Section 6.6 Indemnification Not Exclusive, etc. The right of
indemnification provided by this Article VI shall not be exclusive of or affect
any other rights to which any such Covered Person may be entitled. As used in
this Article VI, "Covered Person" shall include such person's heirs, executors
and administrators. Nothing contained in this article shall affect any rights to
indemnification to which personnel of the Trust, other than Trustees and
officers, and other persons may be entitled by contract or otherwise under law,
nor the power of the Trust to purchase and maintain liability insurance on
behalf of any such person.
The Registrant may not pay for insurance which protects the Trustees
and officers against liabilities rising from action involving willful
misfeasance, bad faith, gross negligence or reckless disregard of the duties
involved in the conduct of their offices.

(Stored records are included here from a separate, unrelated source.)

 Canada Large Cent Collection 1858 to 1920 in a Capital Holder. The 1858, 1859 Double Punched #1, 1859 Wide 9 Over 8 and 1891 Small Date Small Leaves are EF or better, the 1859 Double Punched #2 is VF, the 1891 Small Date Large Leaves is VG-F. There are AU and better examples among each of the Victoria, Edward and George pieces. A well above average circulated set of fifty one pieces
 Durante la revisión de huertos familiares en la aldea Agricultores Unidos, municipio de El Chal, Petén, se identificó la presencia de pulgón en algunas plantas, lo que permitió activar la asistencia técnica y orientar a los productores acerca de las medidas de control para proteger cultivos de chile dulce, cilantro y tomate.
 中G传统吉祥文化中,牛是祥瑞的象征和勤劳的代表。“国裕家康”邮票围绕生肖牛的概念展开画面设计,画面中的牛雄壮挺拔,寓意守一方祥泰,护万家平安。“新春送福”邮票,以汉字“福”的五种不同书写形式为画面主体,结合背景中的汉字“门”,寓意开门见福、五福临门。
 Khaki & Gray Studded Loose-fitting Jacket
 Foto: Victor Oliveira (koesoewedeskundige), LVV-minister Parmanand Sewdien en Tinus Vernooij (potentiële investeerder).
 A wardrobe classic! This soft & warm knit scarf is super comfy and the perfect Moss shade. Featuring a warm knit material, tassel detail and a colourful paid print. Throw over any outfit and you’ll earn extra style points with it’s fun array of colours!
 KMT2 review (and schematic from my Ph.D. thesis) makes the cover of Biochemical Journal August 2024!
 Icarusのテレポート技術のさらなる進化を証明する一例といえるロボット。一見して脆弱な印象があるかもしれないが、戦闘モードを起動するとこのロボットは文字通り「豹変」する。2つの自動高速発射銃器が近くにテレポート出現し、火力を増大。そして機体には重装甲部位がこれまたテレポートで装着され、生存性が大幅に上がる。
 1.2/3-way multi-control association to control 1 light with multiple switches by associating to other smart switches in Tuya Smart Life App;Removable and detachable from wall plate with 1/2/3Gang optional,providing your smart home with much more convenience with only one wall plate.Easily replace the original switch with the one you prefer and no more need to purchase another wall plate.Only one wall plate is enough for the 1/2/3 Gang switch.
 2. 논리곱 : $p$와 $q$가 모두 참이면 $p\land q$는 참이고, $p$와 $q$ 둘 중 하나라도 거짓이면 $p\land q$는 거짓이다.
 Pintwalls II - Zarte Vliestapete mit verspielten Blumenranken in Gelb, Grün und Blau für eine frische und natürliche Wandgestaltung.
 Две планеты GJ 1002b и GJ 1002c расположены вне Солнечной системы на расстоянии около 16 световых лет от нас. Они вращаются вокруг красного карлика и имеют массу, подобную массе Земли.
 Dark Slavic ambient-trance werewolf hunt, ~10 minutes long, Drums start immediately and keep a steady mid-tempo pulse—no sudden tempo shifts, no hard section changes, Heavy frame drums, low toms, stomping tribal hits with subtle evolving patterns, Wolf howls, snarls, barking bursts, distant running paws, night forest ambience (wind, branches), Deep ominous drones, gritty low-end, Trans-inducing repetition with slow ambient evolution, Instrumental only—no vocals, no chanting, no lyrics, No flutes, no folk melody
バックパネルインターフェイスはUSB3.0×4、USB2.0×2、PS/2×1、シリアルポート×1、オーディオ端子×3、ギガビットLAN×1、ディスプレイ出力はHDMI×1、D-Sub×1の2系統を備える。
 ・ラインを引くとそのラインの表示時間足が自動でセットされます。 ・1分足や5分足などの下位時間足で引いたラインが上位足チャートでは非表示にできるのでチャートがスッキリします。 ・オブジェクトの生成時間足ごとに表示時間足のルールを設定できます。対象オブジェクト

(b) The Registrant may maintain a standard mutual fund and investment advisory
professional and directors and officers liability policy. The policy, if
maintained, would provide coverage to the Registrant, its Trustees and officers,
and could cover its advisors, among others. Coverage under the policy would
include losses by reason of any act, error, omission, misstatement, misleading
statement, neglect or breach of duty.
(c) Pursuant to the Underwriting Agreement, the Trust shall indemnify
Underwriter and each of Underwriter's Employees (hereinafter referred to as a
"Covered Person") against all liabilities, including but not limited to amounts
paid in satisfaction of judgments, in compromise or as fines and penalties, and
expenses, including reasonable accountants' and counsel fees, incurred by any
Covered Person in connection with the defense or disposition of any action, suit
or other proceeding, whether civil or criminal, before any court or
administrative or legislative body, in which such Covered Person may be or may
have been involved as a party or otherwise or with which such person may be or
may have been threatened, while serving as the underwriter for the Trust or as
one of Underwriter's Employees, or thereafter, by reason of being or having been
the underwriter for the Trust or one of Underwriter's Employees, including but
not limited to liabilities arising due to any misrepresentation or misstatement
in the Trust's prospectus, other regulatory filings, and amendments thereto, or
in other documents originating from the Trust. In no case shall a Covered Person
be indemnified against any liability to which such Covered Person would
otherwise be subject by reason of willful misfeasance, bad faith, gross
negligence or reckless disregard of the duties of such Covered Person.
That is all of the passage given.